6 thoughts on “Wait, how old are the parents?!?

  1. I love Ken Dietz from Please Ignore Vera Dietz. Vera and Ken don’t have a perfect relationship, but they’re working on it. He knows he’s not perfect, but he’s not afraid to try. Vera gets frustrated by her father, but she also loves him. Their relationship reminded me a lot of another father/daughter pairing that I adore-Keith and Veronica Mars, which might be why I liked them so much.


  2. As a “late” parent, I am often old enough to be the grandparent of my kids’ classmates because most of their parents are in their very-early 20s. Could be my area. I think when we’re thinking of issues like this, it’s smart to remember settings and how things differ between, say, yuppies and rural, working-class people. There is a huge difference there. Especially for those of us who grew up in the 70s.

    I’m probably different than some, though, because I don’t care that my kids think I’m “old.” I remember thinking my parents were ancient at age 40-something. I like being older. It’s a groovy perspective. I’m not really worried about wrinkles, you know?

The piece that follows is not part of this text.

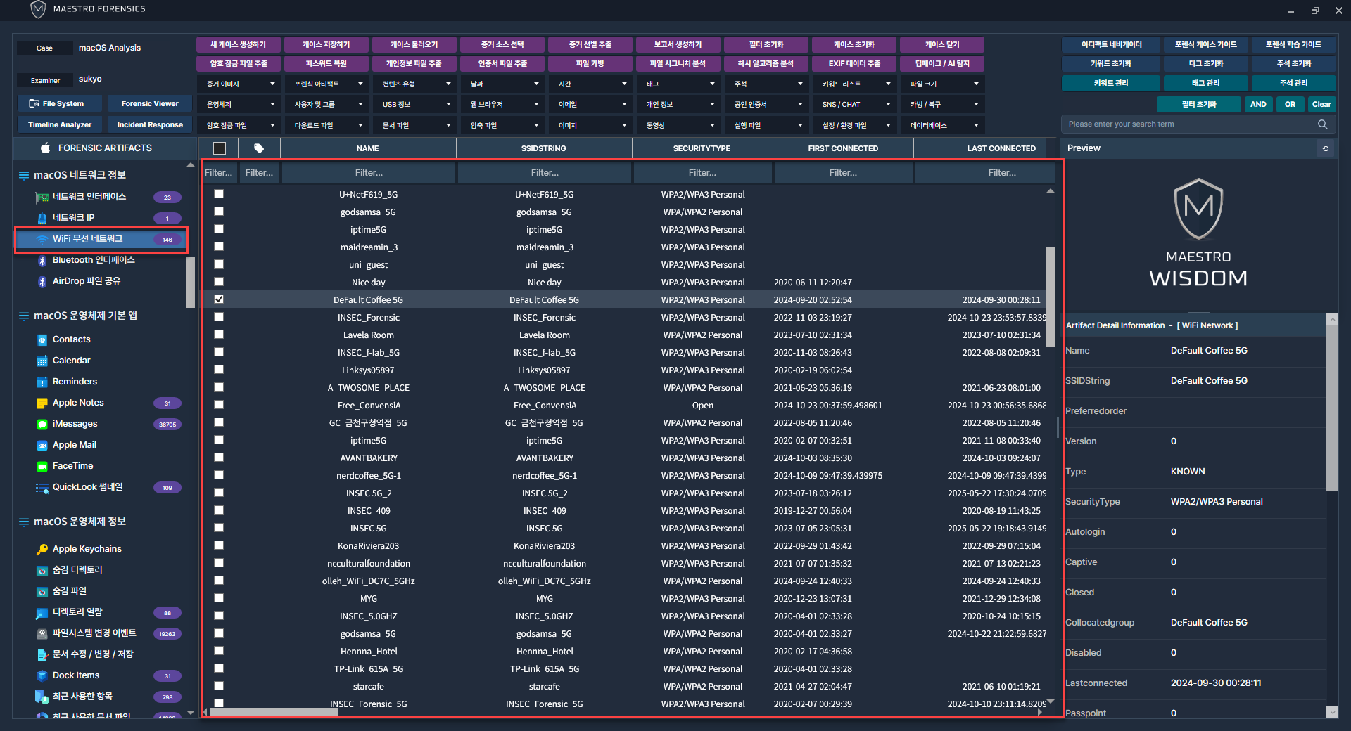 WiSDOM macOS에서 제공하는 다양한 아티팩트 중 [ macOS 네트워크 정보 ] 카테고리를 통해 계정을 분석할 수 있습니다.

    My most recent read had great adults in it: I really liked the father and grandfather in Mathew Quick’s Boy 21 coming next March. They were warm and realistic, even when not the best role models (in the grandfather’s case sometimes) and throughout the book, I wondered what had happened to them and when I found out, I was so sad and yet relieved because it made so much sense.

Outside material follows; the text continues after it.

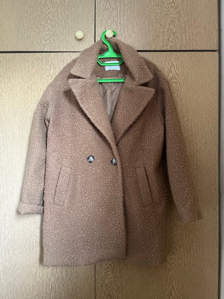 Çift düğmeli ve yan cepli kahverengi peluş kaban, yumuşak ve sıcak tutan dokusuyla öne çıkar.

  3. Amy-You’re right, it really does depend on where you live. I’m currently in an area where I feel like I would be very old if I had kids (I don’t have any now) and I’m only 29. But my area is full of younger families and young parents.

    I guess I don’t notice it as much-maybe because I don’t have kids of my own? But I do find myself always trying to figure out the age of the kids and teens in books, but I never seem to care about the parents age.

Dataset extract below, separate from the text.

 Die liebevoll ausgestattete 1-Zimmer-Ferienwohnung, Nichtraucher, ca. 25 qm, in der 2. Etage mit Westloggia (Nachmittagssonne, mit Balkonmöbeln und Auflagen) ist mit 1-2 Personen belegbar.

  4. Sarah, I am intrigued by Ken Dietz in part because I think the book is as much about him growing up as as his daughter; he may have (eventually) gotten a job, etc., and is now viewed as Parent, but his comments throughout the book about his exwife show that he still needs some maturing. I like that Ken isn’t perfect; I like that he has his own journey; and I like that from the outside, he looks put together.

    AS, I’ll be on the lookout for BOY 21. I love parents in books who are realistic: too eeevvvvillll and I’m a bit distanced by it; too perfect and I want to throw up.

    Sarah, thru my early to mid 30s, I’d read teen books and think “well, I could be the parent …. If I started having kids in high school”. A personal joke in my head that I thought was funny. Then, when I read a book where the age was given AND the main character thought “my old parents” AND it was my age? I was all “what. the……” Right now, unless the age “matters” (for Ken Dietz, for example) I prefer books where the age of the parents is omitted. But, I’m not sure, in all honesty, whether teens care or not. I think the general rule of thumb at all times is “old” is ten years older than I am now, “young” is ten years younger.


  5. Those of us who had kids young have been dealing with this for awhile! My oldest son turned 23 last year — the same age I was when he was born! (Which still feels very very strange.) I guess that’s why reading BIGGER THAN A BREAD BOX, my emotional energy was with the parents. Usually with teen books, I’m pulled into the story enough to forget these people aren’t anywhere near my age any more.


  6. Sondy, he’s 23?!? BIGGER THAN A BREAD BOX is in my TBR book; I can’t wait to read it. With teen books, I’m usually able to ignore the age of the parents if the age isn’t specifically mentioned. It’s not until there is a specific age that I get, wait, what?